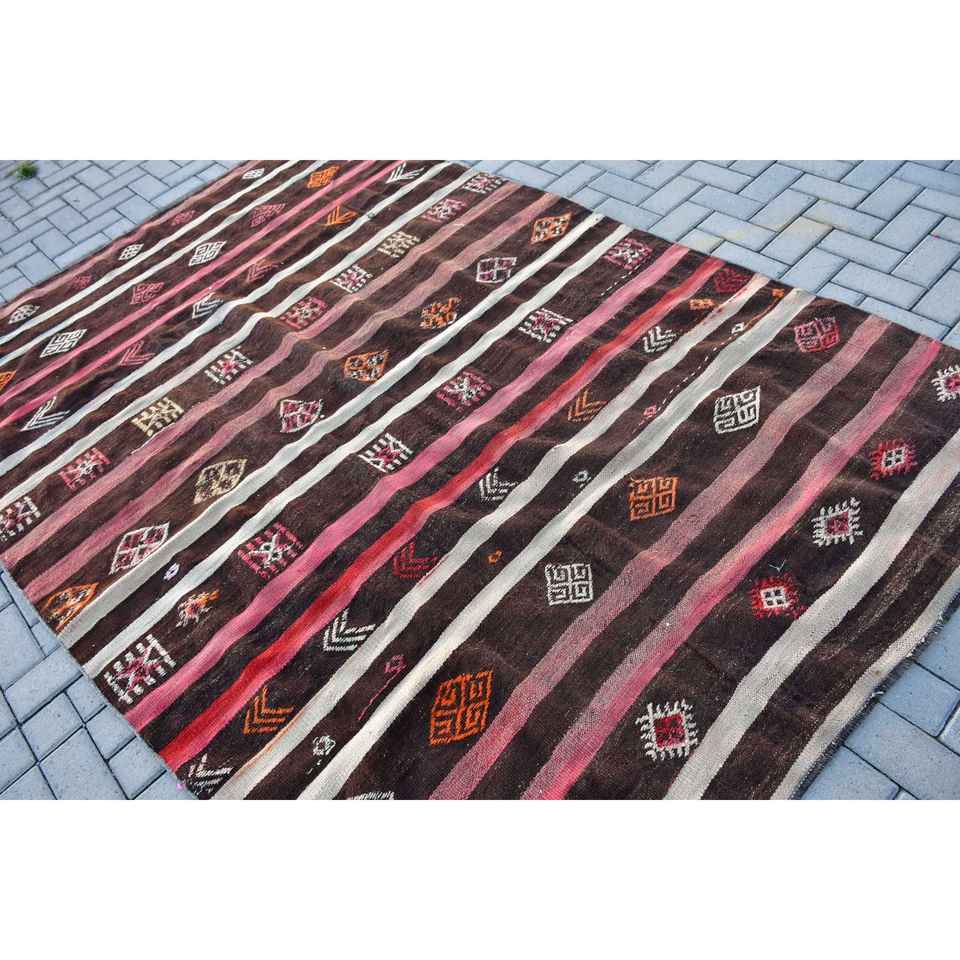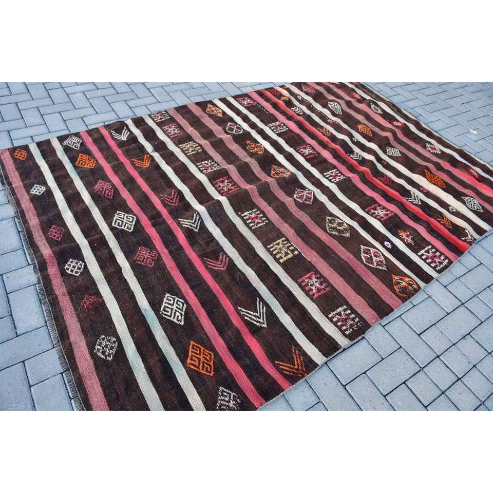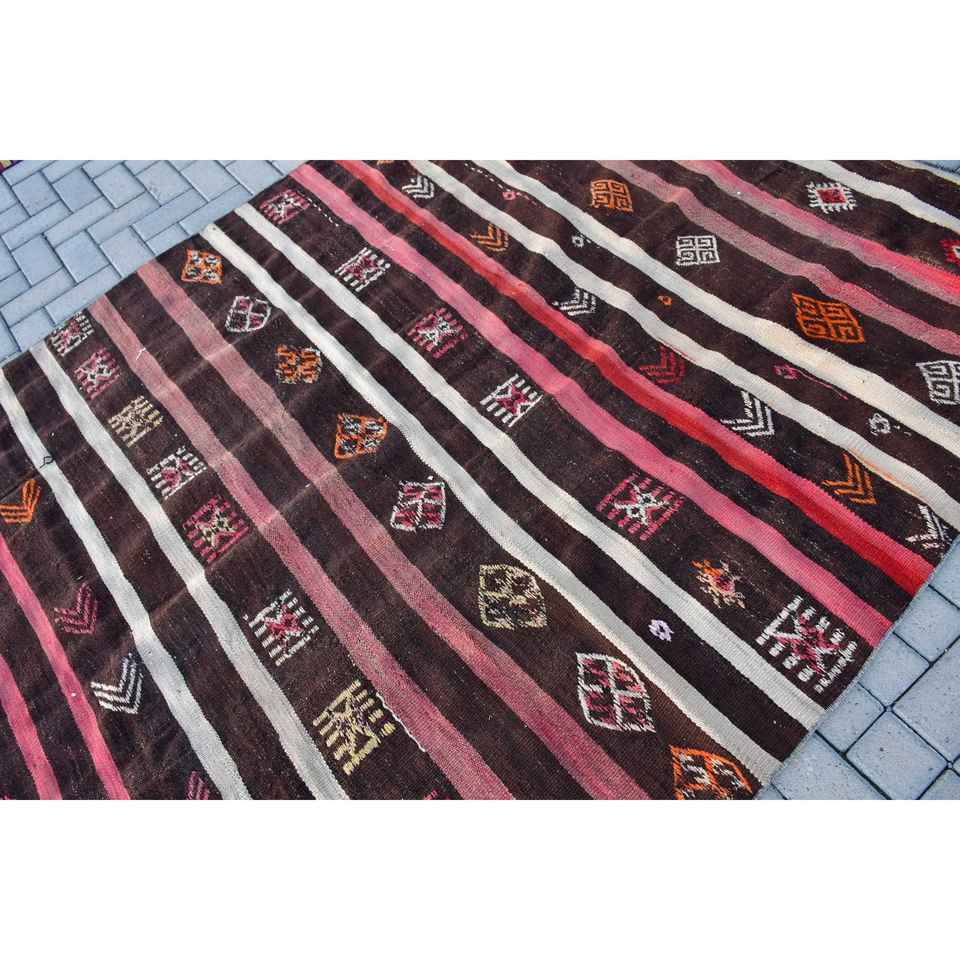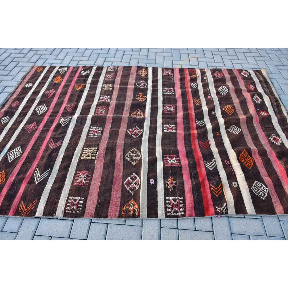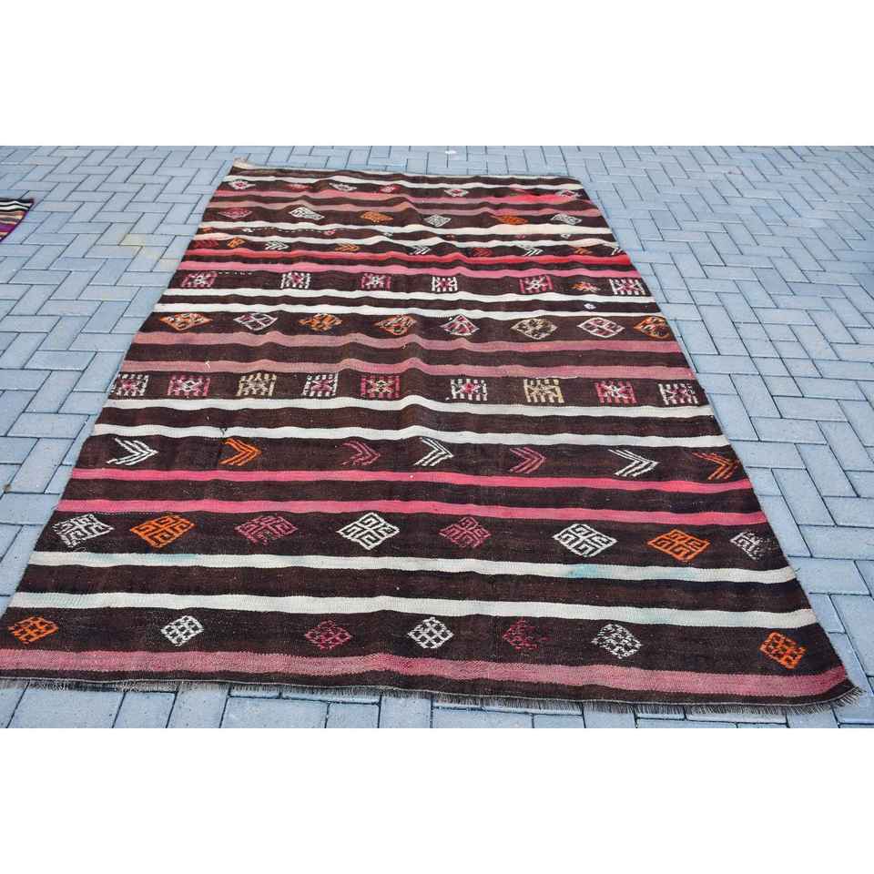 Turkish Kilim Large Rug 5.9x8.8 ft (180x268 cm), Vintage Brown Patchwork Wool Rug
---
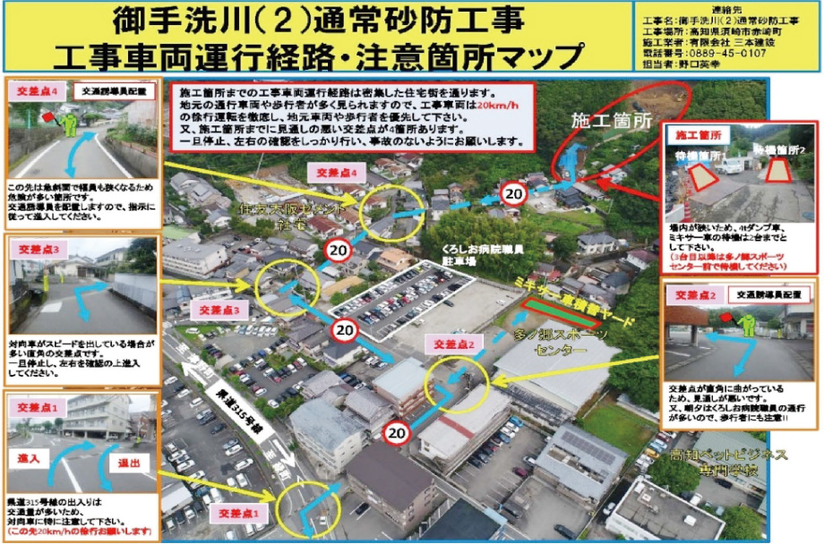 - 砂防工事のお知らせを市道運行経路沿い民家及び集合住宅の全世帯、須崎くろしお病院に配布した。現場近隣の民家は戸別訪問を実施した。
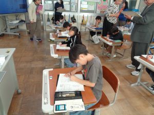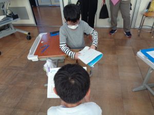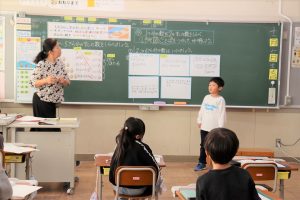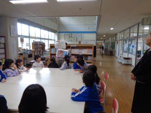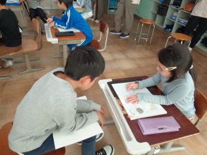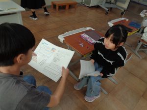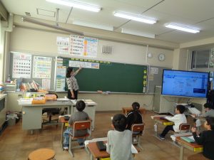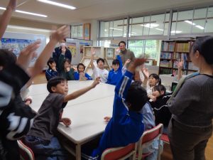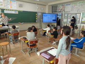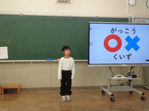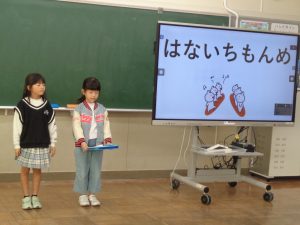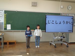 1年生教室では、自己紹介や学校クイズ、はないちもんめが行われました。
* * *
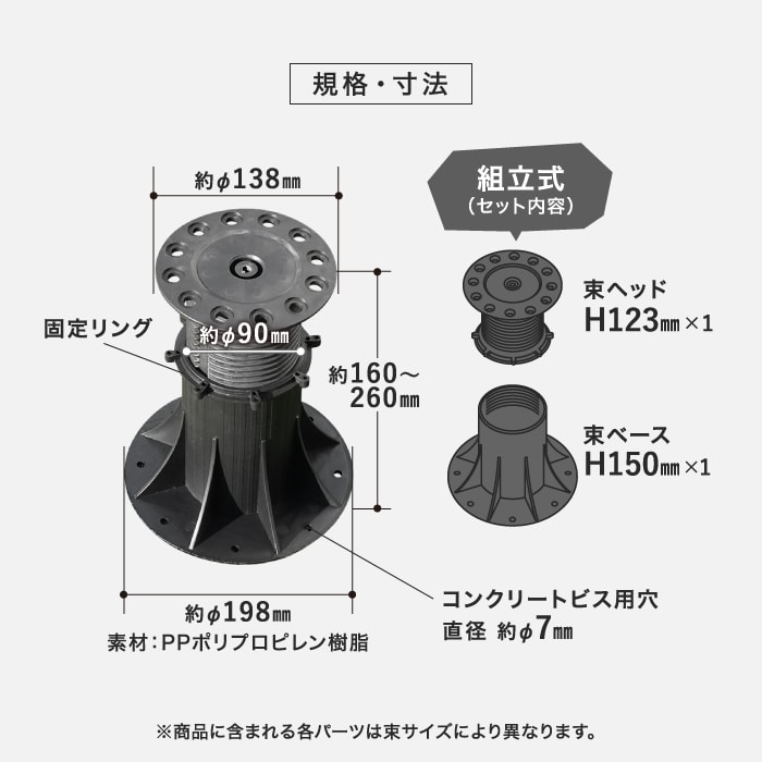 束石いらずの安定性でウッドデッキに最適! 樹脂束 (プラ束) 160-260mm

▶ **EXERCISE AIM**: Transcribe the listing above exactly, but only from the line with "- 砂防工事のお知らせを市道" through the line with "1年生教室では、自己紹介や学校クイズ、はないちもんめが行われました。". Include both of those lines and omit the pictures.

▶ **RESPONSE TO THE TASK**:
 - 砂防工事のお知らせを市道運行経路沿い民家及び集合住宅の全世帯、須崎くろしお病院に配布した。現場近隣の民家は戸別訪問を実施した。
 1年生教室では、自己紹介や学校クイズ、はないちもんめが行われました。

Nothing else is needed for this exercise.